The pipeline supports both Thermo DIA and Bruker diaPASEF workflows and integrates established tools such as Carafe, EncyclopeDIA, DIA-NN, and Skyline to provide robust peptide-centric searches and unified quantification.
The DIA CDAP processes raw mass spectrometry data in four major stages:
- Standardization: Conversion of spectral files to a standard format.
- Peptide-centric searches: Perform individual file searches with EncyclopeDIA (with Carafe-generated spectral libraries) for Thermo DIA data, and DIA-NN for Bruker diaPASEF data.
- Search result consolidation: Results from individual file searches are combined and statistically validated to generate FDR controlled chromatogram library.

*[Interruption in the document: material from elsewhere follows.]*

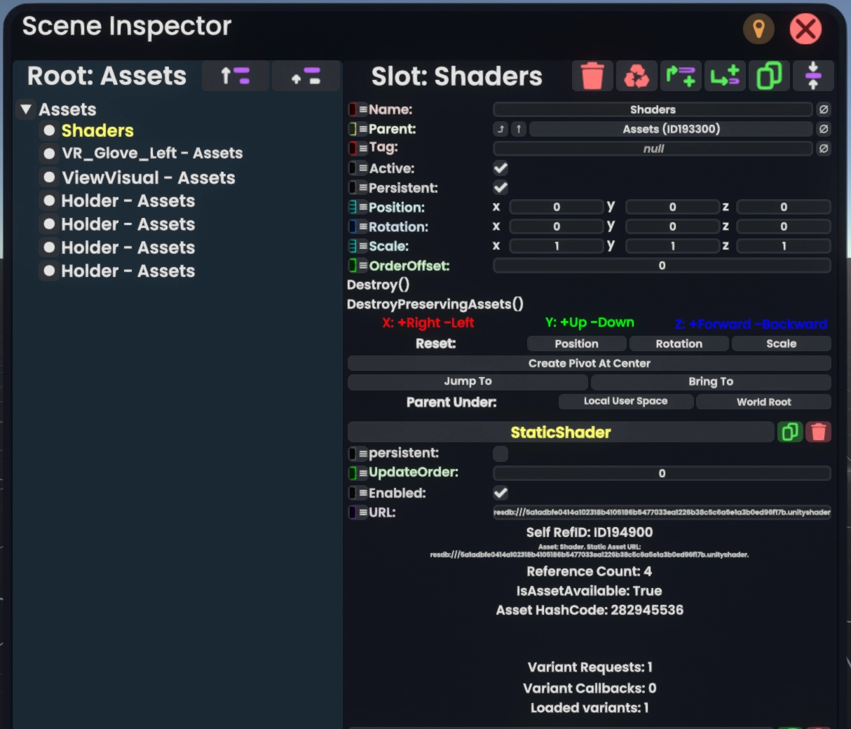 Assets Slot on a mostly-empty world, as shown in the Scene Inspector.

- Quantification and Visualization: Imports the chromatogram library into Skyline to define peak boundaries and transitions for quantification and visualization of results.
The Future of the PDC
PDC 2.0 represents a significant improvement to the platform’s usability, analytical capabilities, and multi-omic integration. Dr. Xu Zhang, lead for the PDC project commented, “These updates are a step forward for researchers working with large-scale proteomic datasets. PDC 2.0 lowers barriers for users, making it easier to integrate proteomic data into broader multi-omic cancer research.”